**Work task**
Using the data that follows, output only the lines from the line with "The study estimated" up to and including the line with "שולחן מעוצב בשילוב", exactly, leaving pictures aside.

**Dataset records**
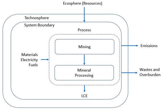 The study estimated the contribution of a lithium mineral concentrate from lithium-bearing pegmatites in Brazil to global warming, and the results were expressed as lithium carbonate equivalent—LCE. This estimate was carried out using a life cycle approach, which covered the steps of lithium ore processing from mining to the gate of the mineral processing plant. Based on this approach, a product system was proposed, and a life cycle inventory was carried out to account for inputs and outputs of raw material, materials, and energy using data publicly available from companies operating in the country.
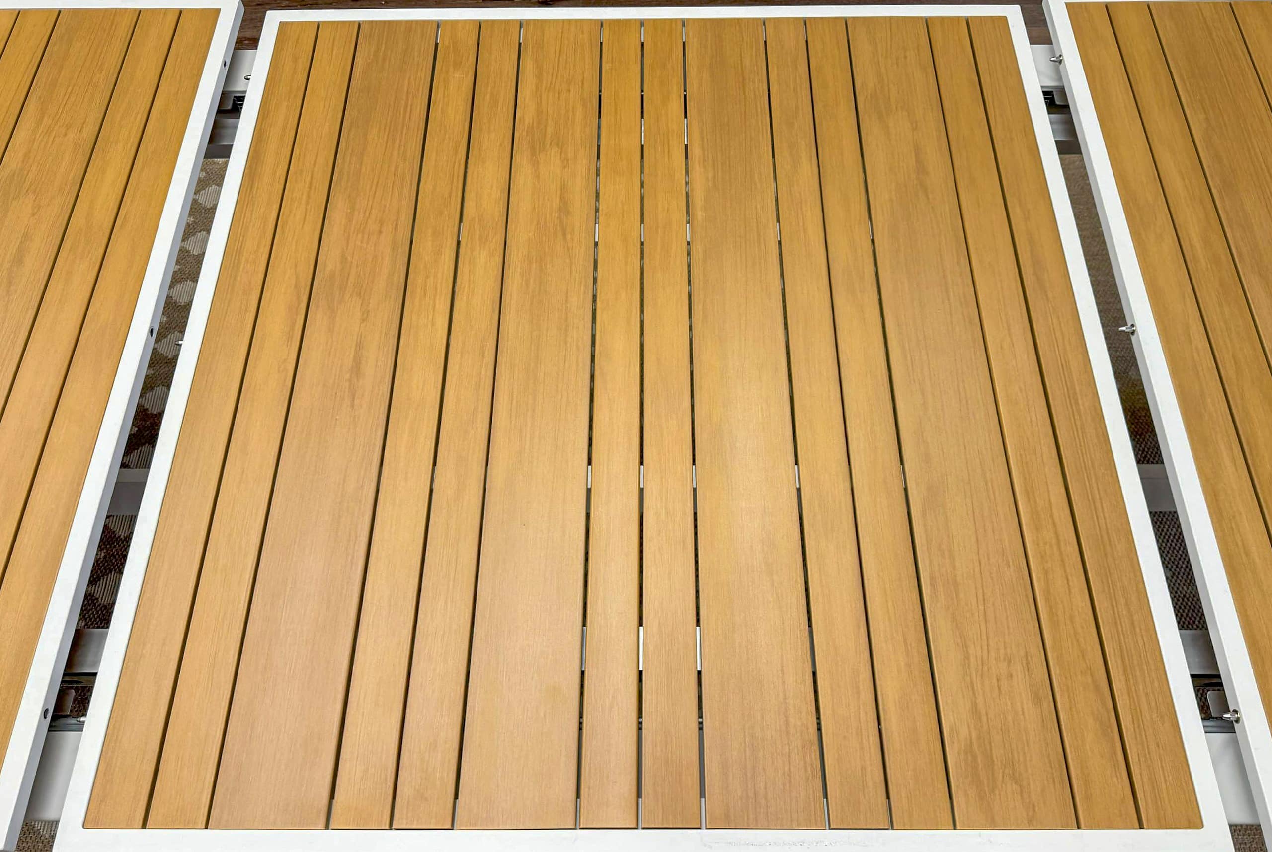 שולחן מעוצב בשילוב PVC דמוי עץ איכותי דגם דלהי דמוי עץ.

...

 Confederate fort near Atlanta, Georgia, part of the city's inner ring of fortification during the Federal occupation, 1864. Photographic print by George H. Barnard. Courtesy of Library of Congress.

* * *

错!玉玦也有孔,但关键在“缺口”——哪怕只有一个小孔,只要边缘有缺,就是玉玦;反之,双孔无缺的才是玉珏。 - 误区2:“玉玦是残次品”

**Task result**
 The study estimated the contribution of a lithium mineral concentrate from lithium-bearing pegmatites in Brazil to global warming, and the results were expressed as lithium carbonate equivalent—LCE. This estimate was carried out using a life cycle approach, which covered the steps of lithium ore processing from mining to the gate of the mineral processing plant. Based on this approach, a product system was proposed, and a life cycle inventory was carried out to account for inputs and outputs of raw material, materials, and energy using data publicly available from companies operating in the country.
 שולחן מעוצב בשילוב PVC דמוי עץ איכותי דגם דלהי דמוי עץ.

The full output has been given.